Tenho observado atentamente sua vida (e de todos os outros seres humanos), seus problemas e dúvidas existenciais. À mesma maneira de outros, o senhor tende a questionar a providência divina, a vontade divina e o plano de Deus, ou seja, tudo que se refere a mim e a minha vontade. Como seria de se esperar, estou a par de seu plano sofismático e sei que todo esse questionamento possui um primeiro significado que é o de me colocar como figura central em seus debates, mesmo que sob um ponto de vista pejorativo (eu considero seu sarcasmo pejorativo, devo deixar claro). Reconheço também que os pontos cegos e falhos que o senhor aponta como razão de dúvida, bem como as pífias explicações que recebeu ao longo de sua existência são válidos e mesmo eu não creria possuir o controle do universo caso as coisas se explicassem pela maneira com a qual os homens as entendem. Não pretendo porém debater com o senhor através da epístola sobre cada um desses pontos e da mediocridade humana para tratar os assuntos relativos à minha natureza (e apesar de adivinhar seu ar de desgosto e cinismo diante da próxima afirmação, a faço), isso também faz parte do plano divino. O que pretendo nesta missiva é deixá-lo a par de uma decisão recentemente tomada que teve como ponto de partida um (e somente tal) dos quantos apontamentos o senhor vem, ao longo de seus anos, levantando sobre a deficiência das grandes provas de minha existência e presença nas atividades humanas.
Deixo explícito que tomei tal decisão em função de que seu questionamento com relação ao assunto não se refere ao que dizem os homens, mas sim às supostas atitudes de Deus.

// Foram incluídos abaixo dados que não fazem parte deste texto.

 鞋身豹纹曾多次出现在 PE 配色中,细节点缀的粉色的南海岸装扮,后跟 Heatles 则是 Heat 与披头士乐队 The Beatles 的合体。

O fundamento de sua argumentação é provar que a propagação de um ato divino falso, improvável e não executado oculta o fato da não existência de seu executor, logo, se o milagre é mentira, deve-se deixar de crer no milagreiro. Em mais de uma ocasião registrei o senhor referindo o caso conhecido como “o do dilúvio” como um engodo inventado pelas mentes sádicas dos sacerdotes a fim de amedrontarem seus seguidores diante do rancor divino com relação ao pecado. O que há como fundo moral humano na história do dilúvio não nos é desconhecido, mas repito para que fique claro exatamente o torpe raciocínio do qual não compactuo: “Deus não odeia o pecador, odeia o pecado. Porém, não se faz rogado em esmagar o pecador caso perceba que esta é a mais efetiva forma de extirpar o pecado”.

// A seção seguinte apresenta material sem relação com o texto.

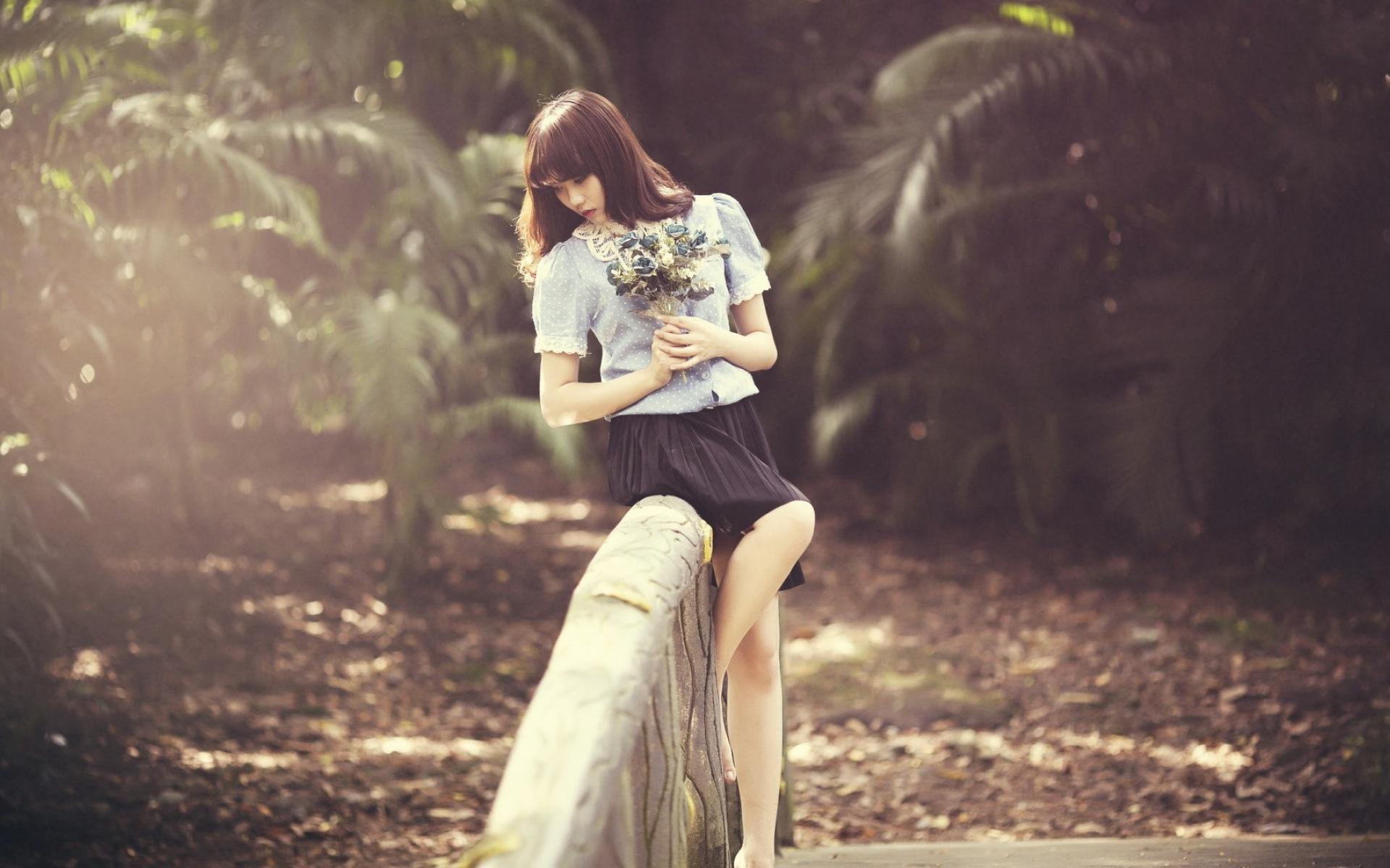 Wallpaper Asian with a bouquet on the rail bridge

Não é necessário nenhum grande atributo intelectual para refletir sobre o fato de que se eu quisesse leis não naturais de definição de comportamento teria eu mesmo escrito um livro de regras, à maneira como redijo a correspondência que tem em suas mãos. Julgo homens através de quesitos bem mais absolutos e mensuráveis que simplesmente seu exercício de liberdade individual. Não, não explicitarei tudo, deixo mais à sua imaginação e retomo o assunto principal. Pois bem, o senhor foi de uma ironia ímpar ao definir que à época atribuída como a do dilúvio já se contava sua história como ocorrida “há muitos e muitos anos atrás”, ao modo dos contos de fadas. Devo admitir no entanto que com relação a isso o senhor se encontra coberto de razão, nunca fui responsável (e nem outra pessoa ou entidade) por um dilúvio, como é relatado na bíblia dos homens. Admito inclusive que sempre que observo um novo fato que tente comprovar tal disparate me sinta envergolhado, do tipo de vergonha que se reconhece como alheia, por ser um vexamento diante da estupidez de outrem. Todavia a constância e a empáfia com a qual o senhor faz suas objeções ao caso me fizeram atentar para o seguinte fato: não é a razão de eu não ter produzido nunca um dilúvio a incapacidade de fazê-lo diante de minha vontade. Pois bem, senhor Rodrigo de Freitas Teixeira, o senhor suscitou em Deus a vontade de produzir um dilúvio. Não digo que com isso seja o senhor o único responsável pelo fim da humanidade, que não terminará afinal. Fique ciente de que tudo teria um final trágico de qualquer forma e apenas me inspirei em sua indignação diante do velho embuste para definir minha forma de alterar a configuração do planeta. Saiba o senhor que um dilúvio não é um ato simples e rápido, que se complete em seus quarenta dias, porque as minhas regras verdadeiras, das quais tenho orgulho, são muito mais complexas. Mas sim, o seu mítico dilúvio está sendo providenciado para este lado da existência, isto é, o lado físico e não fictício da vida.